WORK TASK:
Make an exact copy of all the records, one that contains none of the pictures.
==== INPUT FOR THIS TASK
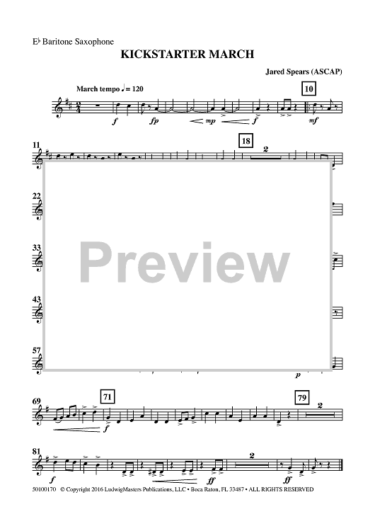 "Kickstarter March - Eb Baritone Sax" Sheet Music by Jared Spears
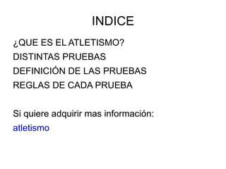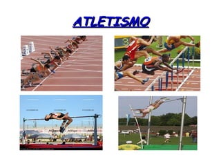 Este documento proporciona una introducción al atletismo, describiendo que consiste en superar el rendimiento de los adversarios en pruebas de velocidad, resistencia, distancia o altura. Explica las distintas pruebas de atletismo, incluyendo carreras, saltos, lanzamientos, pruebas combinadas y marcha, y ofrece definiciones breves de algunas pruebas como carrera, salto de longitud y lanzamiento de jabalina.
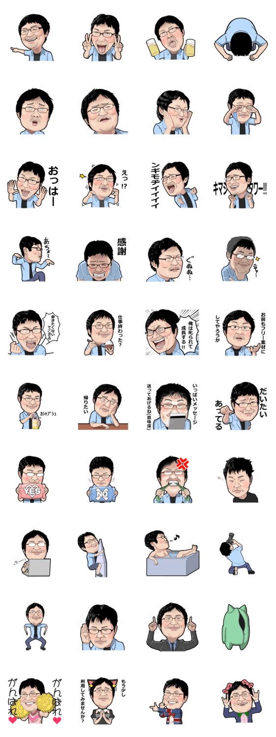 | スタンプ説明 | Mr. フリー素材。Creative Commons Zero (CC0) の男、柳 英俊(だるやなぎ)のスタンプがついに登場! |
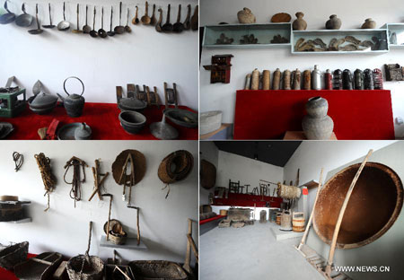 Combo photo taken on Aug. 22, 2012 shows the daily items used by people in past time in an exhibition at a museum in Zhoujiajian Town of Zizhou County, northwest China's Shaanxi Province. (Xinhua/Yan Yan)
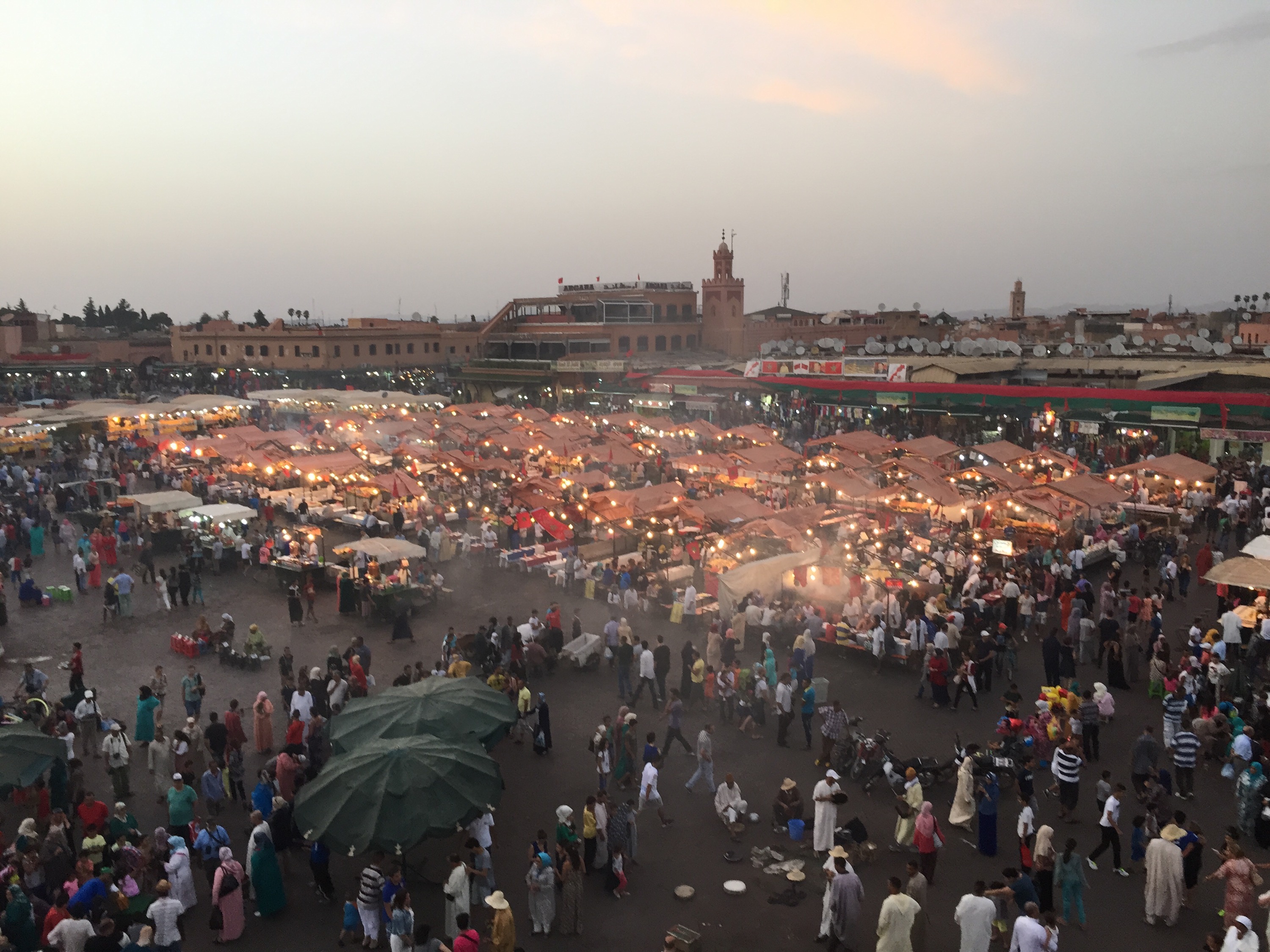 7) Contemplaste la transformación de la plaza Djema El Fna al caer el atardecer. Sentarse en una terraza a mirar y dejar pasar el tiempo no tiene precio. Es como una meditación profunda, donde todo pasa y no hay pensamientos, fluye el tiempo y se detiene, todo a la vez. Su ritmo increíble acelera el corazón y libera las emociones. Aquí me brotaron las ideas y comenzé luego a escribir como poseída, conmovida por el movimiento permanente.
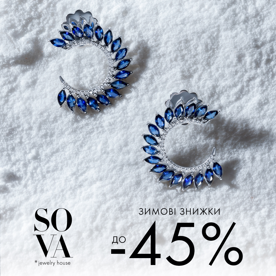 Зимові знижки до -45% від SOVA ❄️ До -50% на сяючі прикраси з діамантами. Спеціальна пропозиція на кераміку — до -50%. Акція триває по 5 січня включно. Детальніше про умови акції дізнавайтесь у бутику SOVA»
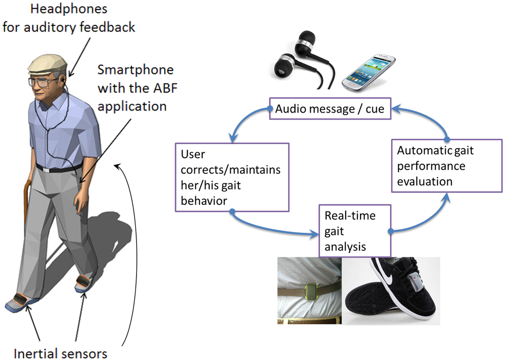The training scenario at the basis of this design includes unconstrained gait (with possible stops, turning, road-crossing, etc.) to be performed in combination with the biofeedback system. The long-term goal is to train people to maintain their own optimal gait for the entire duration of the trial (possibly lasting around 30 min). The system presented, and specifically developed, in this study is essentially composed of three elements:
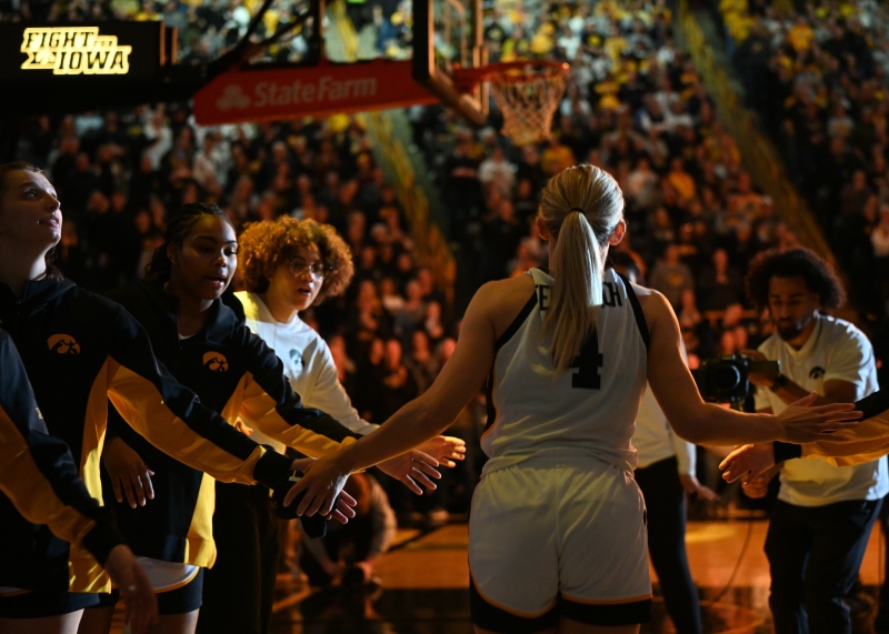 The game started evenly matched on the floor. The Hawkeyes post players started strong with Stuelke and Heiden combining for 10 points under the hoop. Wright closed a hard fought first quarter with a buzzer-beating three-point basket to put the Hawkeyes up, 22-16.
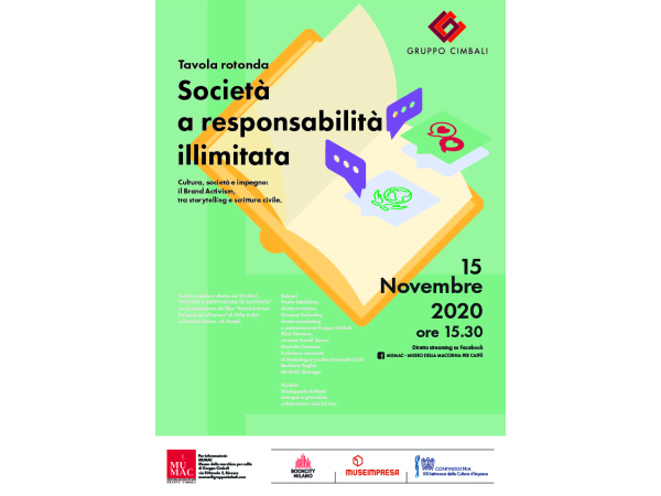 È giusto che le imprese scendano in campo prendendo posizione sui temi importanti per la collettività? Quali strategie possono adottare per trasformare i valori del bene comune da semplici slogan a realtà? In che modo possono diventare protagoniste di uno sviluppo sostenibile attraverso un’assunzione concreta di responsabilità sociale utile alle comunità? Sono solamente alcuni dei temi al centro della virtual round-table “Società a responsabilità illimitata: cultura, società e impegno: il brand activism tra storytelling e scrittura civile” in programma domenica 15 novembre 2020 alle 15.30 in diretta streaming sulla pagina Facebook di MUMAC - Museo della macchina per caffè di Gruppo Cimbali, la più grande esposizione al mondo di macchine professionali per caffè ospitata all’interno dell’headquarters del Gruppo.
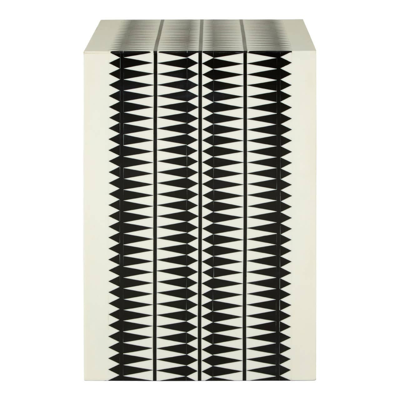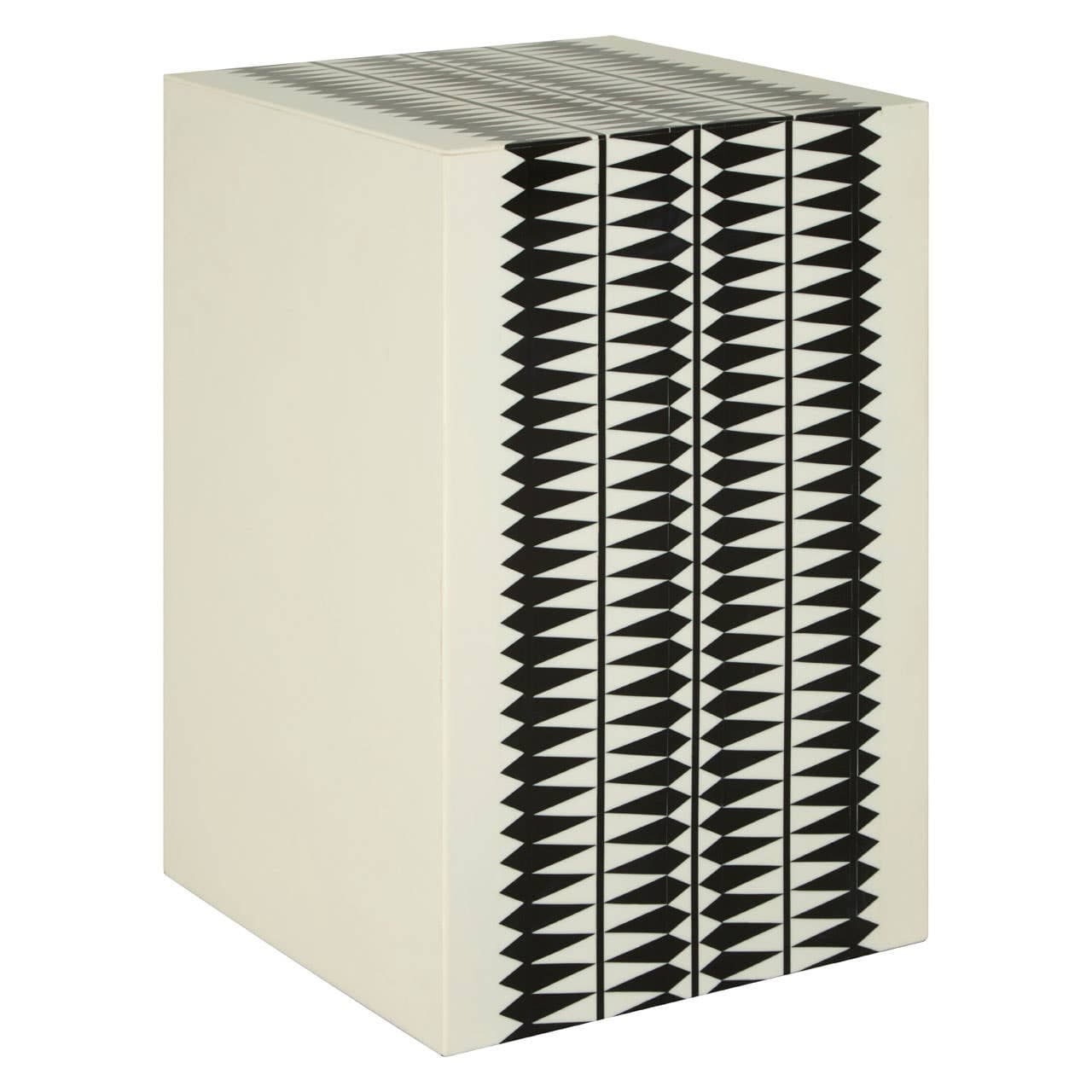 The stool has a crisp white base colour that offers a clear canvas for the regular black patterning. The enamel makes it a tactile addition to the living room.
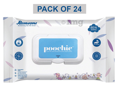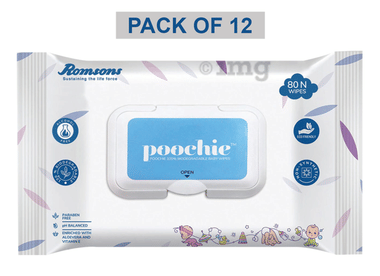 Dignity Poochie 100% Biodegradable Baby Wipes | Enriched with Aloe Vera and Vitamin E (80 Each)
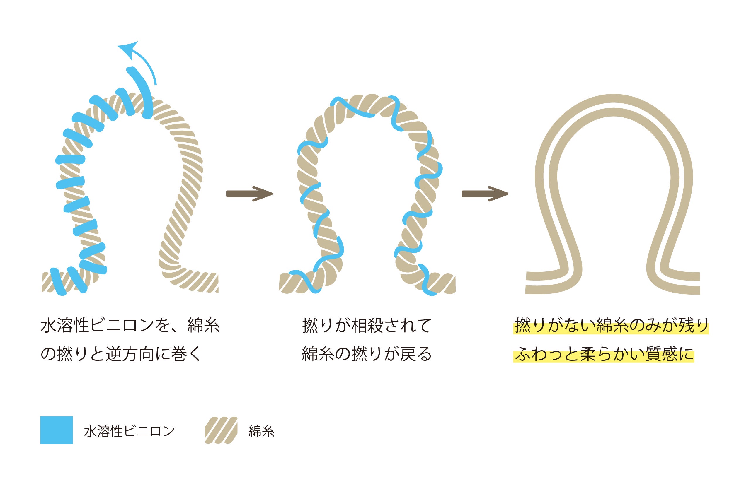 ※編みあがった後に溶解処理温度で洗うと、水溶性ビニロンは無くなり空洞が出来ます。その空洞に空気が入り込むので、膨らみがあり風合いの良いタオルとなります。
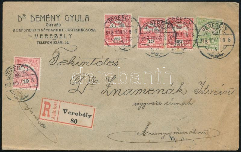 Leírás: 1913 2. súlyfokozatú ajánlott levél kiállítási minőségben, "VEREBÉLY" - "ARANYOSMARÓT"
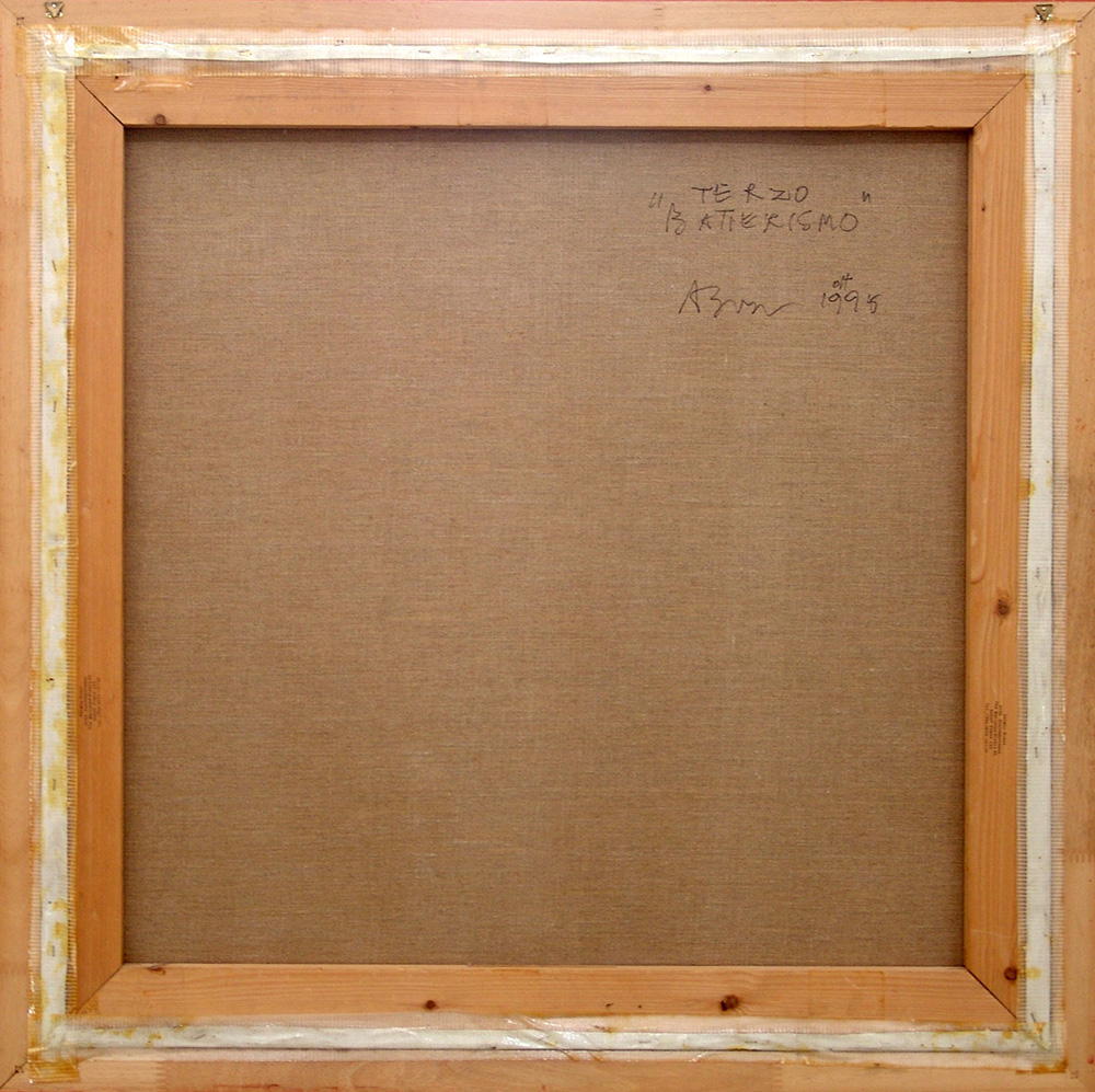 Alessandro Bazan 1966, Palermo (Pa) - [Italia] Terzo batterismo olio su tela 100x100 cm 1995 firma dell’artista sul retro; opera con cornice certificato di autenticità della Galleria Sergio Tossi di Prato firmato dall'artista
========
EXERCISE RESPONSE:
 "Kickstarter March - Eb Baritone Sax" Sheet Music by Jared Spears
 Este documento proporciona una introducción al atletismo, describiendo que consiste en superar el rendimiento de los adversarios en pruebas de velocidad, resistencia, distancia o altura. Explica las distintas pruebas de atletismo, incluyendo carreras, saltos, lanzamientos, pruebas combinadas y marcha, y ofrece definiciones breves de algunas pruebas como carrera, salto de longitud y lanzamiento de jabalina.
 | スタンプ説明 | Mr. フリー素材。Creative Commons Zero (CC0) の男、柳 英俊(だるやなぎ)のスタンプがついに登場! |
 Combo photo taken on Aug. 22, 2012 shows the daily items used by people in past time in an exhibition at a museum in Zhoujiajian Town of Zizhou County, northwest China's Shaanxi Province. (Xinhua/Yan Yan)
 7) Contemplaste la transformación de la plaza Djema El Fna al caer el atardecer. Sentarse en una terraza a mirar y dejar pasar el tiempo no tiene precio. Es como una meditación profunda, donde todo pasa y no hay pensamientos, fluye el tiempo y se detiene, todo a la vez. Su ritmo increíble acelera el corazón y libera las emociones. Aquí me brotaron las ideas y comenzé luego a escribir como poseída, conmovida por el movimiento permanente.
 Зимові знижки до -45% від SOVA ❄️ До -50% на сяючі прикраси з діамантами. Спеціальна пропозиція на кераміку — до -50%. Акція триває по 5 січня включно. Детальніше про умови акції дізнавайтесь у бутику SOVA»
The training scenario at the basis of this design includes unconstrained gait (with possible stops, turning, road-crossing, etc.) to be performed in combination with the biofeedback system. The long-term goal is to train people to maintain their own optimal gait for the entire duration of the trial (possibly lasting around 30 min). The system presented, and specifically developed, in this study is essentially composed of three elements:
 The game started evenly matched on the floor. The Hawkeyes post players started strong with Stuelke and Heiden combining for 10 points under the hoop. Wright closed a hard fought first quarter with a buzzer-beating three-point basket to put the Hawkeyes up, 22-16.
 È giusto che le imprese scendano in campo prendendo posizione sui temi importanti per la collettività? Quali strategie possono adottare per trasformare i valori del bene comune da semplici slogan a realtà? In che modo possono diventare protagoniste di uno sviluppo sostenibile attraverso un’assunzione concreta di responsabilità sociale utile alle comunità? Sono solamente alcuni dei temi al centro della virtual round-table “Società a responsabilità illimitata: cultura, società e impegno: il brand activism tra storytelling e scrittura civile” in programma domenica 15 novembre 2020 alle 15.30 in diretta streaming sulla pagina Facebook di MUMAC - Museo della macchina per caffè di Gruppo Cimbali, la più grande esposizione al mondo di macchine professionali per caffè ospitata all’interno dell’headquarters del Gruppo.
 The stool has a crisp white base colour that offers a clear canvas for the regular black patterning. The enamel makes it a tactile addition to the living room.
 Dignity Poochie 100% Biodegradable Baby Wipes | Enriched with Aloe Vera and Vitamin E (80 Each)
 ※編みあがった後に溶解処理温度で洗うと、水溶性ビニロンは無くなり空洞が出来ます。その空洞に空気が入り込むので、膨らみがあり風合いの良いタオルとなります。
 Leírás: 1913 2. súlyfokozatú ajánlott levél kiállítási minőségben, "VEREBÉLY" - "ARANYOSMARÓT"
 Alessandro Bazan 1966, Palermo (Pa) - [Italia] Terzo batterismo olio su tela 100x100 cm 1995 firma dell’artista sul retro; opera con cornice certificato di autenticità della Galleria Sergio Tossi di Prato firmato dall'artista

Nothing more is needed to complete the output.